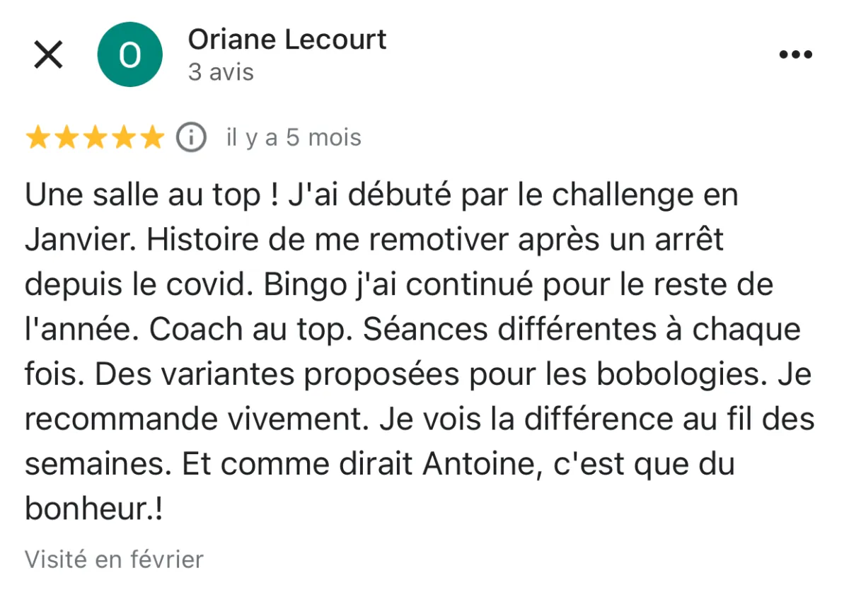 Oui, si vous participez à 8 séances pendant les 5 semaines et que vous n’êtes pas satisfait(e), nous vous remboursons intégralement.
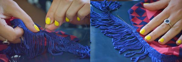 El último detalle que queda por hacer es coser los flecos en todo el perímetro inferior del kimono.
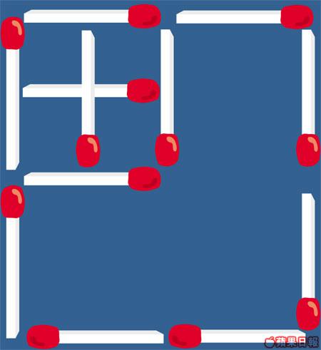 左邊是一個以火柴砌成的「田」字,連最外圍的大正方形在內共有5個正方形。現在考考你:可否只移動2根火柴使它變成6個正方形?(提示:火柴是可以交叉重叠的。)
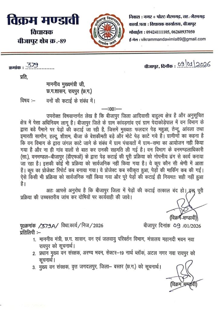बिना ग्राम सभा की मंजूरी के पेड़ों की अवैध कटाई: विधायक विक्रम मंडावी ने CM को लिखा पत्र, तत्काल रोक की मांग
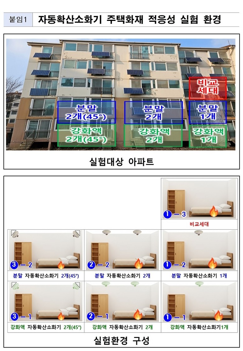 자동확산소화기의 종류, 수량 그리고 설치방법을 달리해 설치한 6개 세대와 미설치 비교세대 1개 세대에 각각 화재를 발생시켜 진압 효과를 실험한 결과, 자동확산소화기가 화재 초기(약 72℃)에 작동해 화재 확산을 효과적으로 차단함을 확인했다.

::::::::

Set down the entries above again exactly, minus any image.

 Oui, si vous participez à 8 séances pendant les 5 semaines et que vous n’êtes pas satisfait(e), nous vous remboursons intégralement.
 El último detalle que queda por hacer es coser los flecos en todo el perímetro inferior del kimono.
 左邊是一個以火柴砌成的「田」字,連最外圍的大正方形在內共有5個正方形。現在考考你:可否只移動2根火柴使它變成6個正方形?(提示:火柴是可以交叉重叠的。)
बिना ग्राम सभा की मंजूरी के पेड़ों की अवैध कटाई: विधायक विक्रम मंडावी ने CM को लिखा पत्र, तत्काल रोक की मांग
 자동확산소화기의 종류, 수량 그리고 설치방법을 달리해 설치한 6개 세대와 미설치 비교세대 1개 세대에 각각 화재를 발생시켜 진압 효과를 실험한 결과, 자동확산소화기가 화재 초기(약 72℃)에 작동해 화재 확산을 효과적으로 차단함을 확인했다.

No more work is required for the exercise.